# W3 Lab Assignment

Submit the .ipynb file to Canvas with file name `w03_lab_lastname_firstname.ipynb`.

In this lab, we will introduce [pandas](http://pandas.pydata.org/), [matplotlib](http://matplotlib.org/), and [seaborn](http://stanford.edu/~mwaskom/software/seaborn/index.html) and continue to use the `imdb.csv` file from the last lab.

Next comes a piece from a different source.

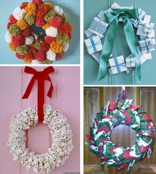 Материалами для изготовления рождественских венков могут стать и бабочки, и ватные диски, и шишки, да видимо все, что можно найти в доме.
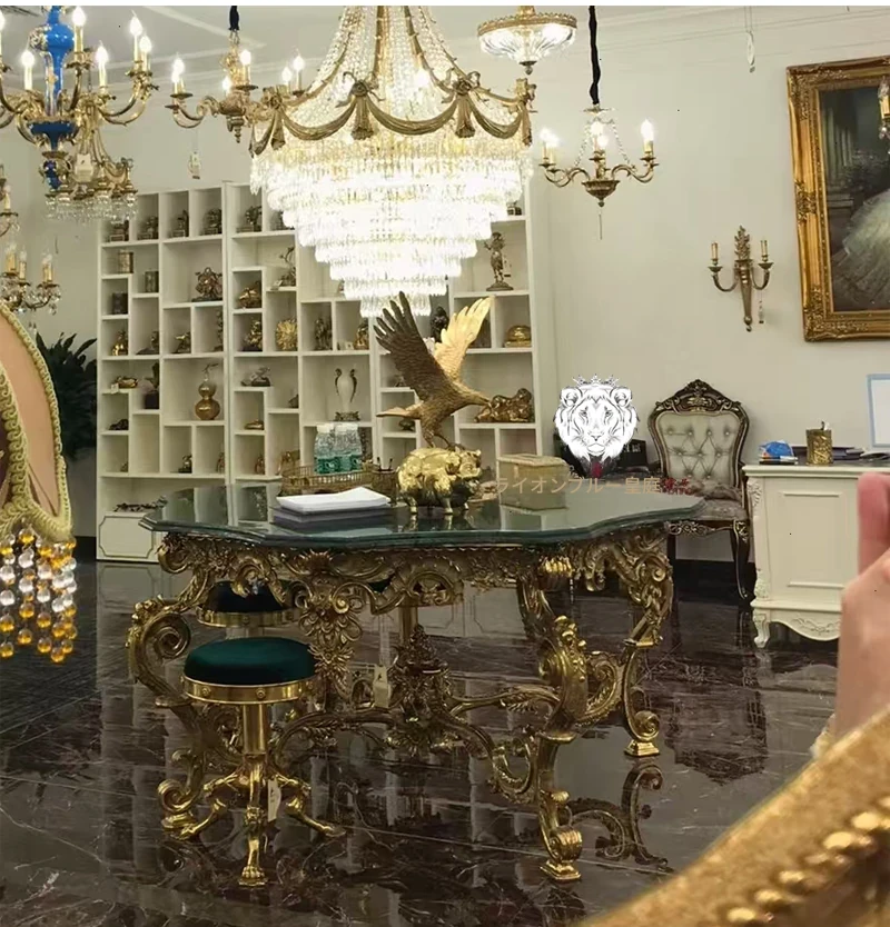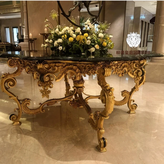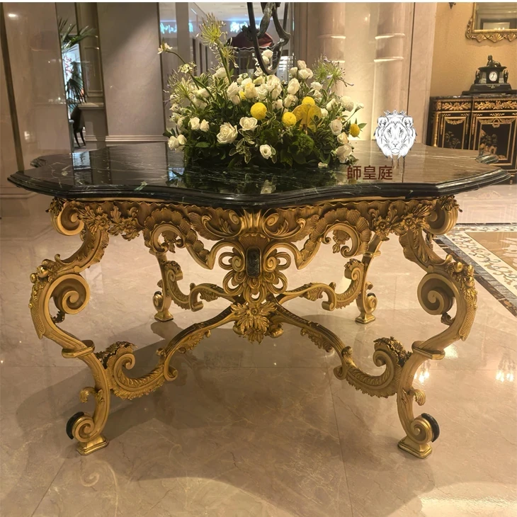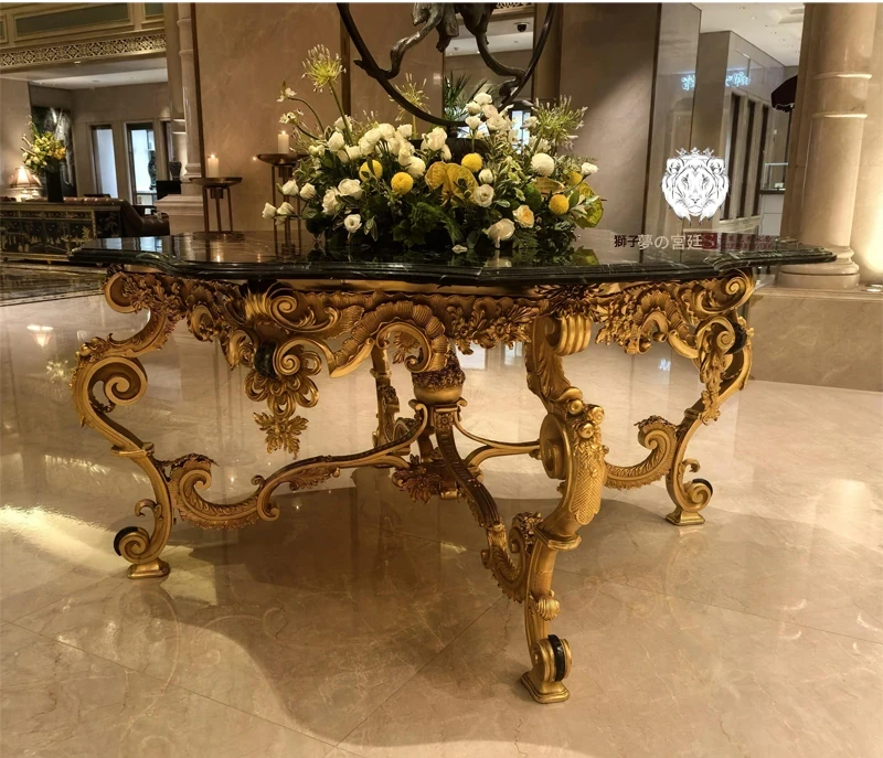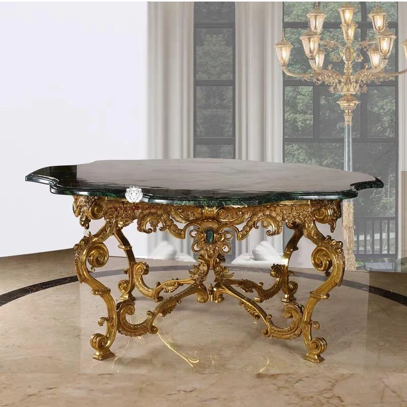 高級欧風家具「狮落皇庭」純銅彫刻フレーム天然大理石花弁形玄関テーブル&ダイニングテーブル - 優雅なデザインで、あなたの空間に洗練された美を!

There will be some exercises, and as usual, write your code in the empty cells to answer them.


## Importing libraries

I think some of you have already used `pandas`. Pandas is a library for high-performance data analysis, and makes  tedious jobs of reading, manipulating, analyzing data super easy and nice. You can even plot directly using `pandas`. If you used R before, you'll see a lot of similarity with the R's dataframe and pandas's dataframe. 

In [None]:
import pandas as pd  
import numpy as np

### Matplotlib magic

`Jupyter` notebook provides several [**magic** commands](https://ipython.org/ipython-doc/dev/interactive/tutorial.html#magic-functions). These are the commands that you can use only in the notebook (not in IDLE for instance). One of the greatest magic command is `matplotlib inline`, which displays plots within the notebook instead of creating figure files. 

In [None]:
%matplotlib inline 

There are many ways to import `matplotlib`, but the most common way is:

In [None]:
import matplotlib.pyplot as plt 

# Q1: Revisting W2 lab

Let's revisit last week's exercise with `pandas`. It's very easy to read `CSV` files with `pandas`, using the [**`panda.read_csv()`**](http://pandas.pydata.org/pandas-docs/stable/generated/pandas.read_csv.html) function. This function has many many options and it may be worthwhile to take a look at available options. Things that you need to be careful are: 

1. `delimiter` or `sep`: the data file may use ',', tab, or any weird character to separate fields. You can't read data properly if this option is incorrect. 
1. `header`: some data files have "header" row that contains the names of the columns. If you read it as data or use the first row as the header, you'll have problems. 
1. `na_values` or `na_filter`: often the dataset is incomplete and contains missing data (`NA`, `NaN` (not a number), etc.). It's very important to take care of them properly. 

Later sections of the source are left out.